I was experimenting with the QR reparameterized linear regression, based on the case-studie. I was experimenting with increasing the size of the synthesized dataset. And got a bad_alloc
on the line qr_Q(X')[, 1:M]
when the problem was still small as compared to my ram (N = 30,000 samples, M = 150 parameters.) What is going on? Is this line allocating for a NxN matrix?
Yeah, qr_Q
and qr_R
in Stan Math do a fat QR decomposition, which can cause memory exhaustion for large matrices. It is better to do the QR decomposition in R — which does a thin QR decomposition — and pass in the Q and R matrices.
Ok thanks! I will try that.
Any chance we could add the thin QR to Stan?
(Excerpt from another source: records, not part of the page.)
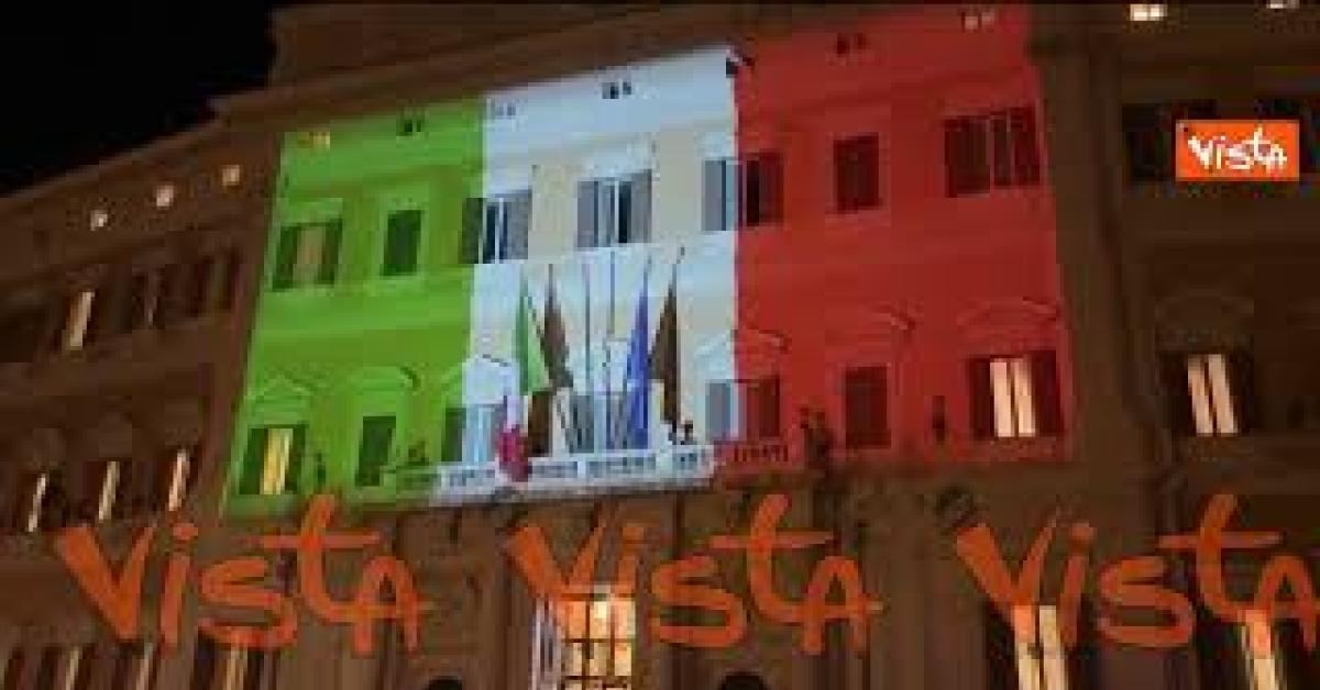 4 Novembre, Montecitorio illuminato con il tricolore per la Festa delle Forze Armate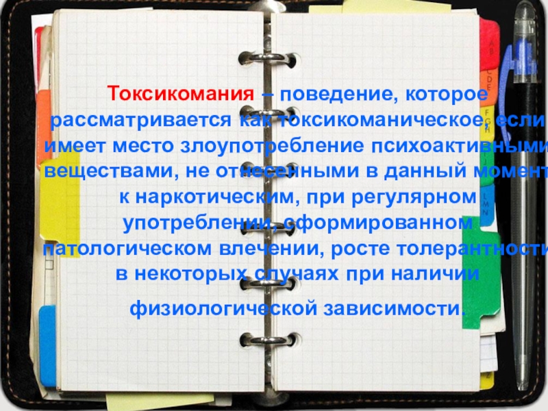 Слайд 140Токсикомания – поведение, которое рассматривается как токсикоманическое, если имеет место злоупотребление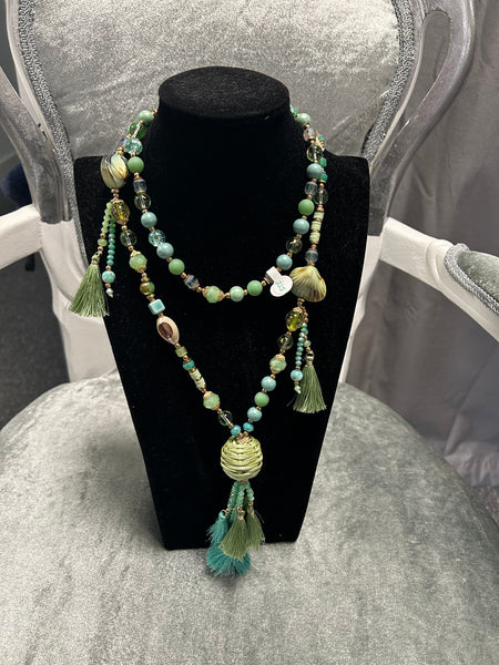 Green /Aqua multi shell, bead, wicker ball and tassels necklace absolutely fab!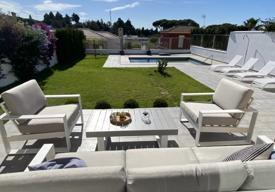 La magnífica terraza al aire libre es ideal para disfrutar del hermoso clima andaluz y organizar reuniones. Ubicada a solo 2000 metros de la reconocida Playa de La Barrosa, esta villa combina tranquilidad con acceso conveniente a playas de arena blanca, exquisitos restaurantes y emocionantes actividades al aire libre, convirtiéndola en el refugio perfecto para tu estancia en Chiclana de la Frontera.

Or add a note to do it in the surrounding code to the documentation/case-studies?
It is in the Stan User Manual, just search for fat QR. Unless Eigen implements a thin QR decomposition, there is not much chance that Stan will have one.
Ok, that make sense. As to documentation, I just rechecked the stan-reference-2.17.0.pdf and it does not mention computing the QR outside of Stan. Perhaps, a line in “9.2. The QR Reparameterization” explaining that the “Stan implementation is memory hungry so consider pre computing Q and R. Then using them as data.” I think it would have made things clearer to me.
Or if it doesn’t belong in the reference, than perhaps another example at the end of the wonderfull case-studie showing how it can be done. It already goes thru 3 versions of this model, walking thru the advantages of each, maybe one more to show how to scale it to real sized problems?